▸ **TASK REQUIREMENTS**: Set down the whole listing below exactly, without pictures.

***** RECORDED DATA

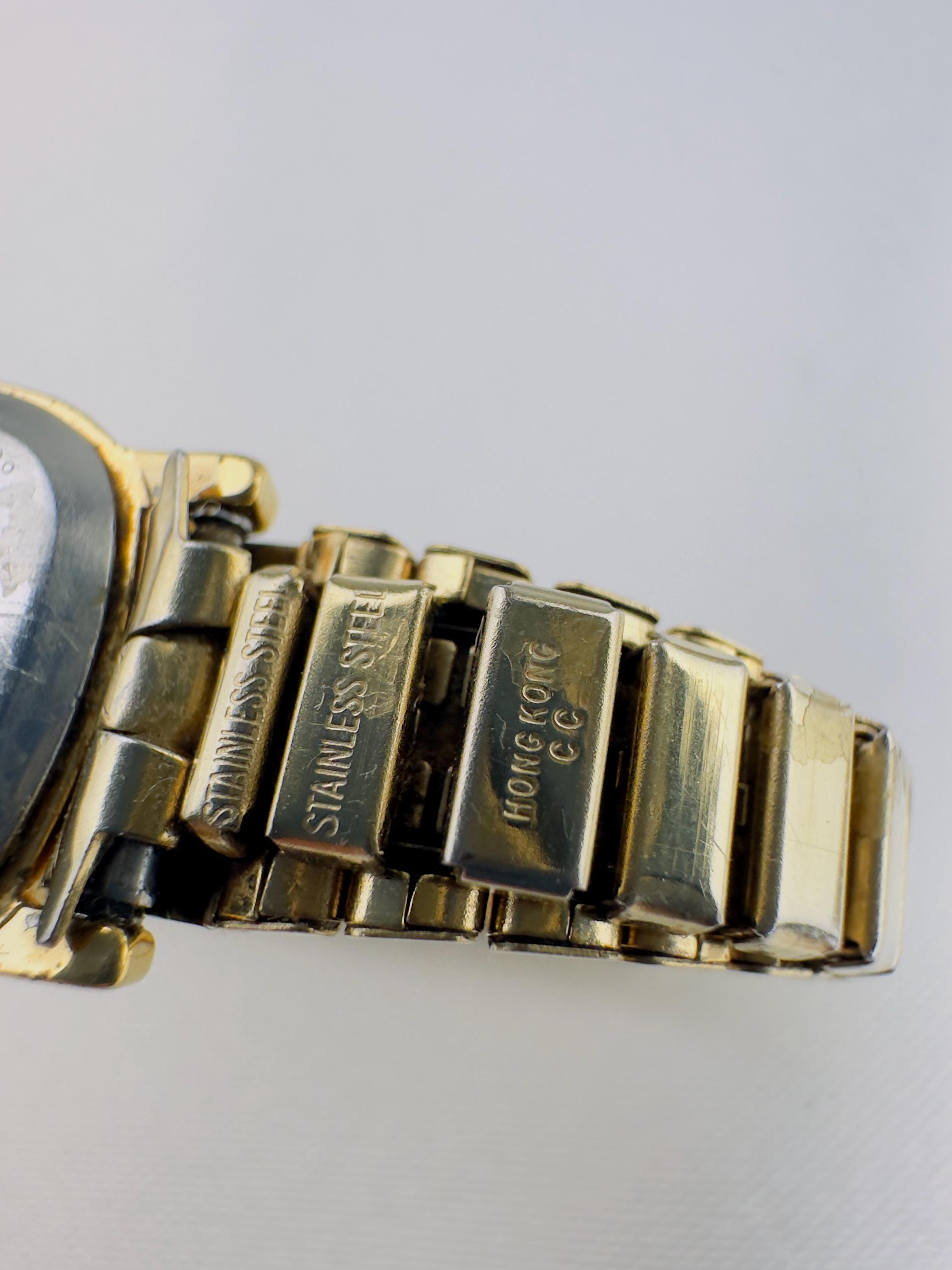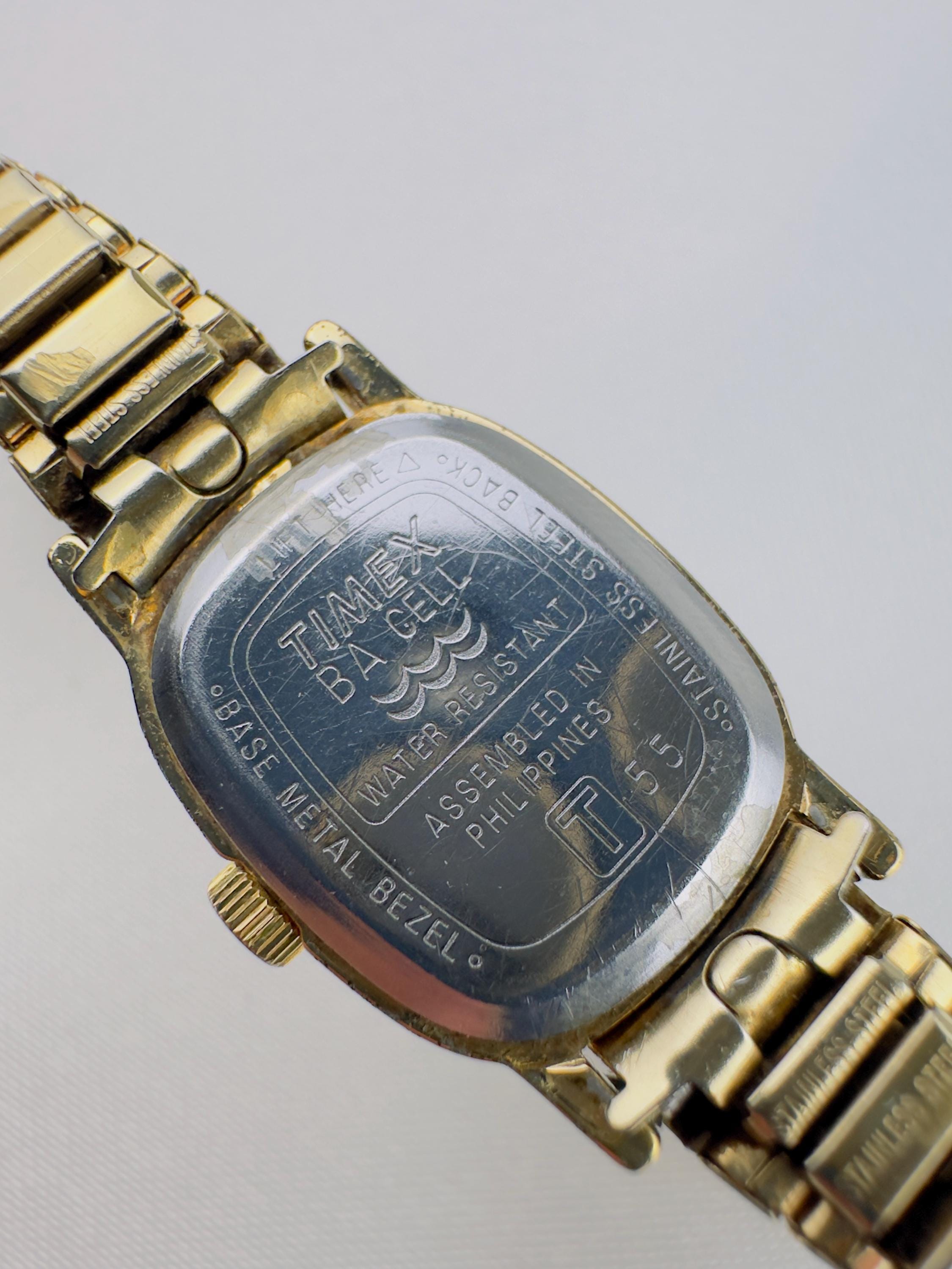 Vintage Gold Tone Timex Bracelet Watch, Stainless Steel, New Battery Fitted
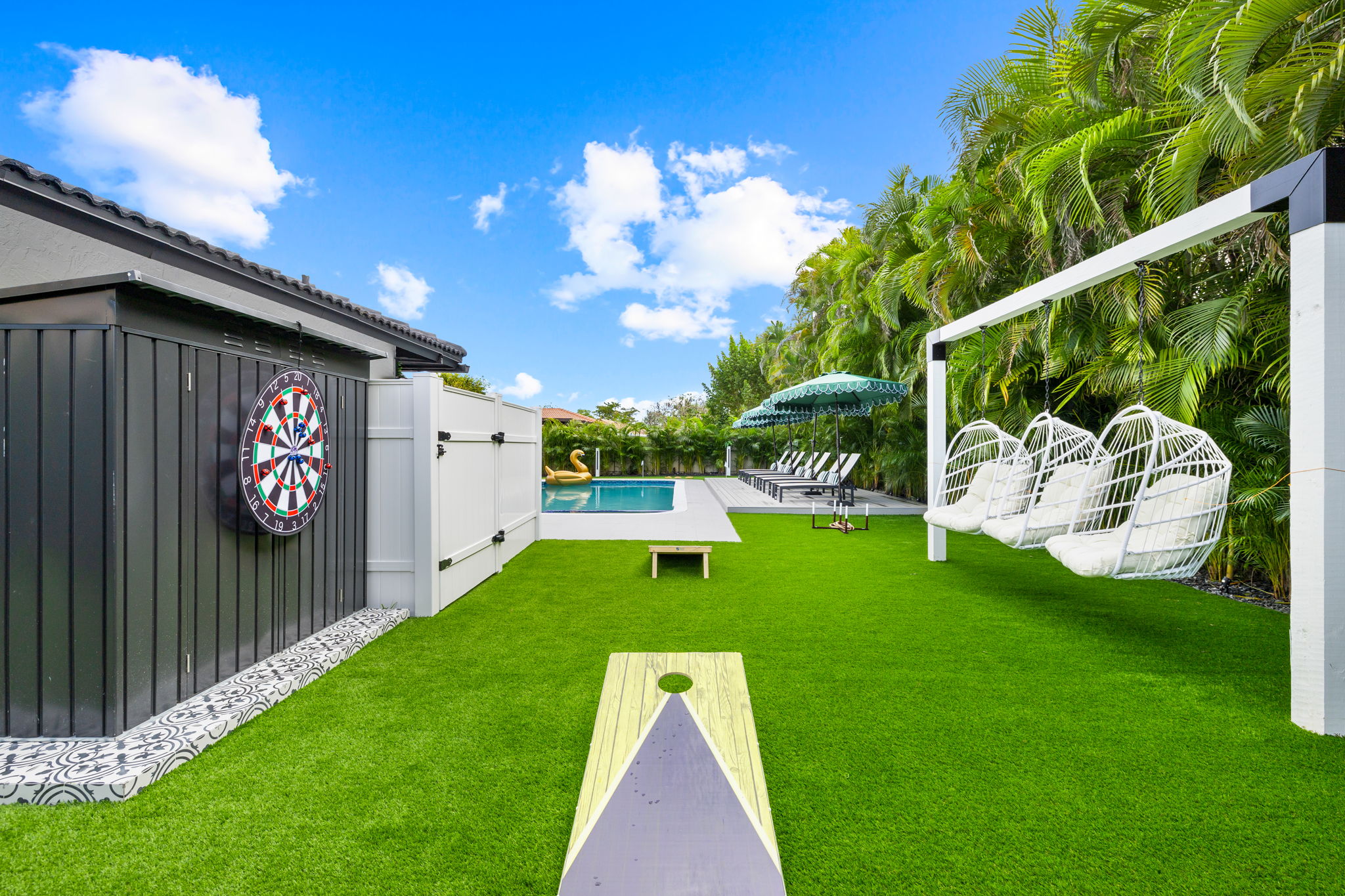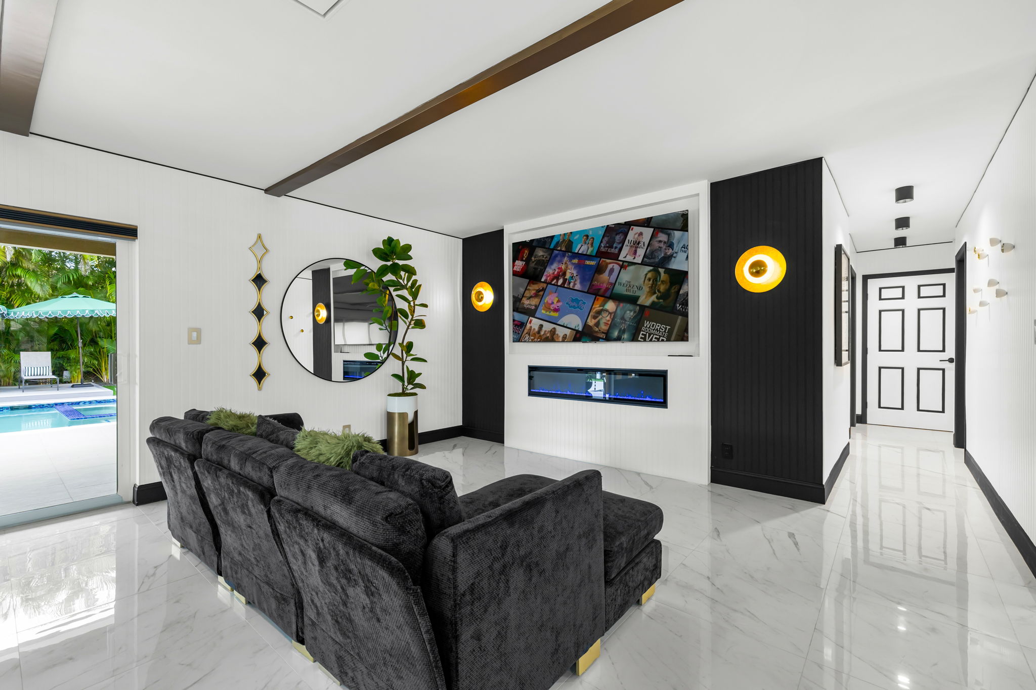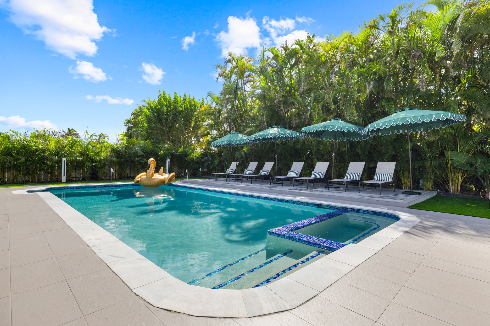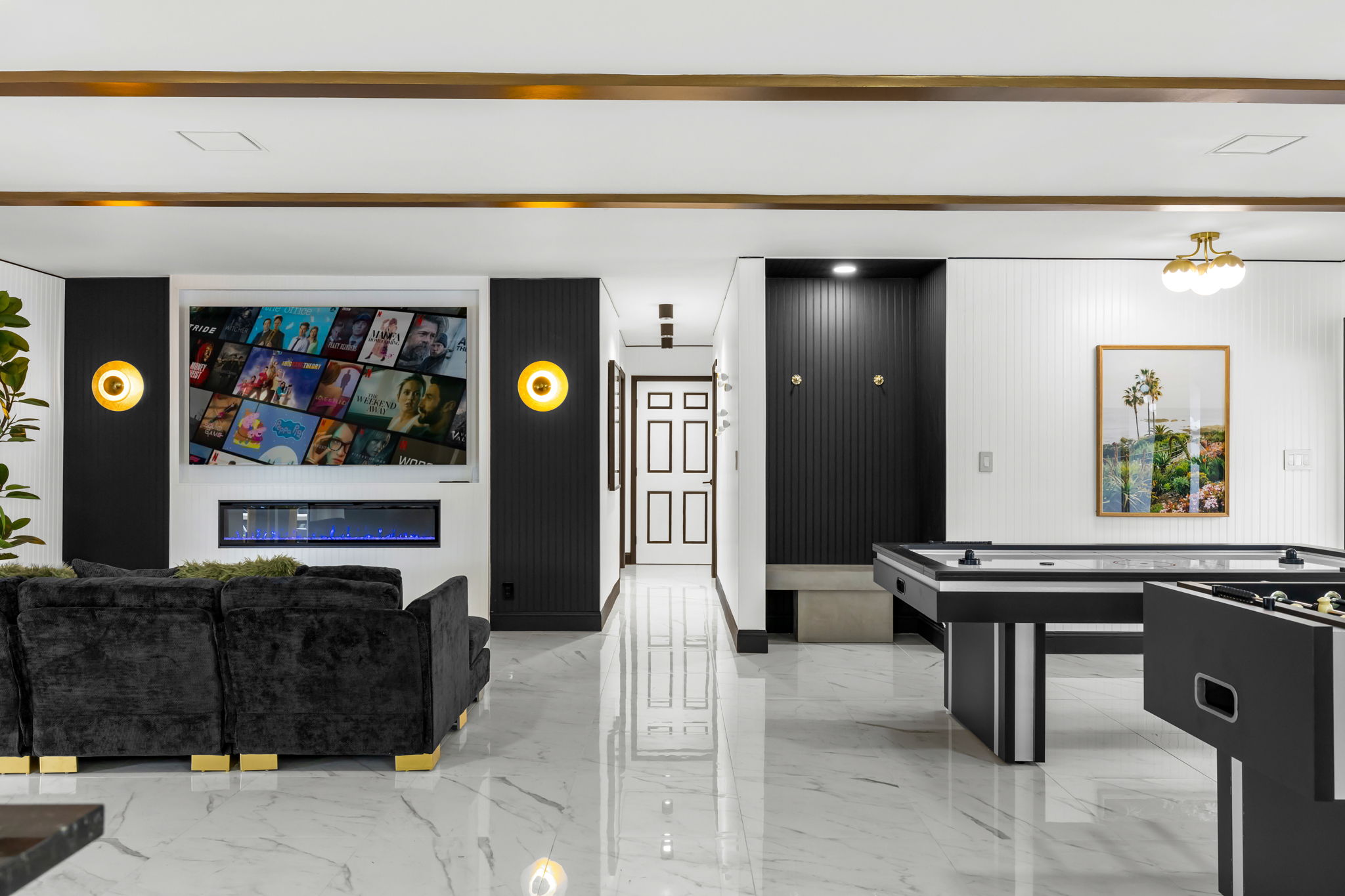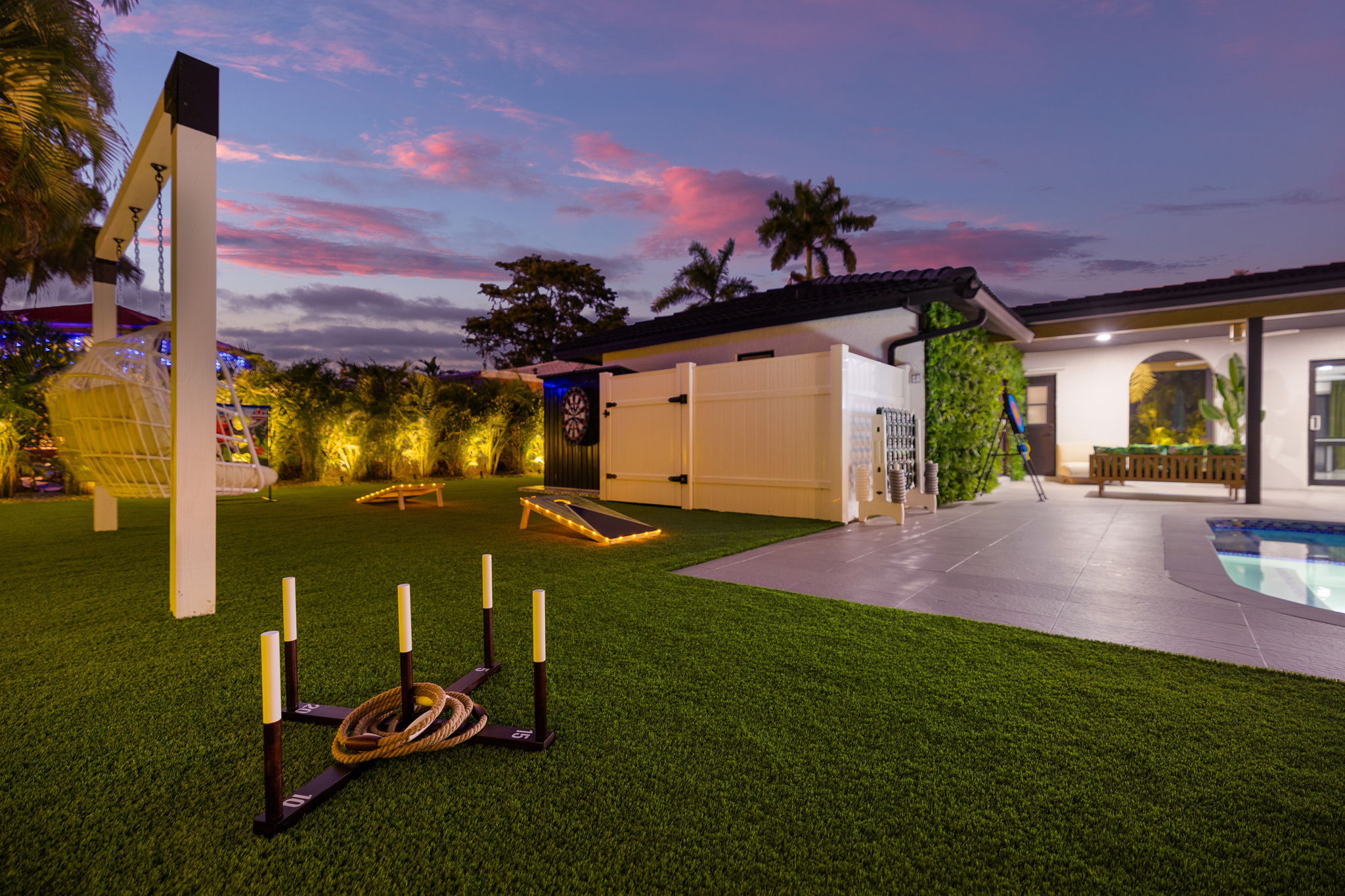 Entertainment options abound, making this property an ideal gathering spot. The living area includes impressive 85-inch televisions, while the resort-style backyard features a heated pool, hot tub, outdoor fire pit, and barbecue area. For added fun, a mini-golf setup and premium artificial turf offer low-maintenance convenience. The home comfortably accommodates up to 12 guests, making it perfect for families or social gatherings.
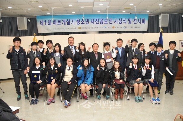 [시민일보]지난 22일 경기 김포평생학습센터는 바르게살기운동 3대 이념 '진실' '질서' '화합'의 테마로 '제1회 바르게살기운동 청소년 사진 공모전 시상식 및 작품전'을 열었다. 사진은 행사에 참가한 유영록 김포시장, 이선일 바르게살기협회 김포시협의회장과 학생들 모습.
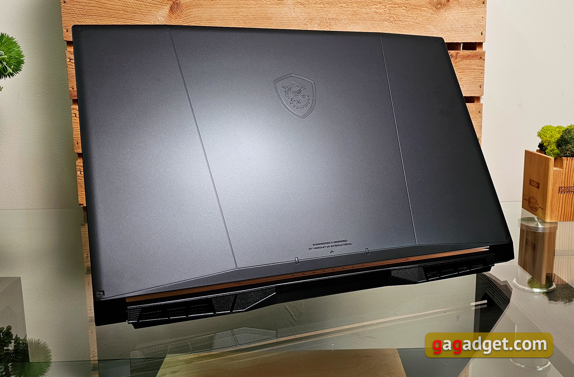 MSI Katana 17 B12V wygląda dość powściągliwie jak na model gamingowy. Wykonana jest w całości z matowego, czarnego plastiku, a jedynie klawiatura posiada podświetlenie RGB. Jak na 17-calowy model gamingowy, laptop okazał się dość cienki: 25,2 mm. Zastosowanie plastiku sprawiło, że nie jest też ciężki: 2,6 kg. Ponownie, biorąc pod uwagę przekątną wyświetlacza i potężne komponenty. Powierzchnia robocza jest przyjemna w dotyku i prawie się nie ugina. Ale ślady pracy i wydruków pozostają na niej dość aktywnie. Materiał górnej pokrywy wygląda podobnie. Wydaje się jednak, że zastosowano nieco inną powłokę: prawie nie pozostawia ona odcisków. Pokrywa jest ozdobiona logo MSI i kilkoma liniami.

**********

▸ **ANSWER SPACE**:
 Vintage Gold Tone Timex Bracelet Watch, Stainless Steel, New Battery Fitted
 Entertainment options abound, making this property an ideal gathering spot. The living area includes impressive 85-inch televisions, while the resort-style backyard features a heated pool, hot tub, outdoor fire pit, and barbecue area. For added fun, a mini-golf setup and premium artificial turf offer low-maintenance convenience. The home comfortably accommodates up to 12 guests, making it perfect for families or social gatherings.
 [시민일보]지난 22일 경기 김포평생학습센터는 바르게살기운동 3대 이념 '진실' '질서' '화합'의 테마로 '제1회 바르게살기운동 청소년 사진 공모전 시상식 및 작품전'을 열었다. 사진은 행사에 참가한 유영록 김포시장, 이선일 바르게살기협회 김포시협의회장과 학생들 모습.
 MSI Katana 17 B12V wygląda dość powściągliwie jak na model gamingowy. Wykonana jest w całości z matowego, czarnego plastiku, a jedynie klawiatura posiada podświetlenie RGB. Jak na 17-calowy model gamingowy, laptop okazał się dość cienki: 25,2 mm. Zastosowanie plastiku sprawiło, że nie jest też ciężki: 2,6 kg. Ponownie, biorąc pod uwagę przekątną wyświetlacza i potężne komponenty. Powierzchnia robocza jest przyjemna w dotyku i prawie się nie ugina. Ale ślady pracy i wydruków pozostają na niej dość aktywnie. Materiał górnej pokrywy wygląda podobnie. Wydaje się jednak, że zastosowano nieco inną powłokę: prawie nie pozostawia ona odcisków. Pokrywa jest ozdobiona logo MSI i kilkoma liniami.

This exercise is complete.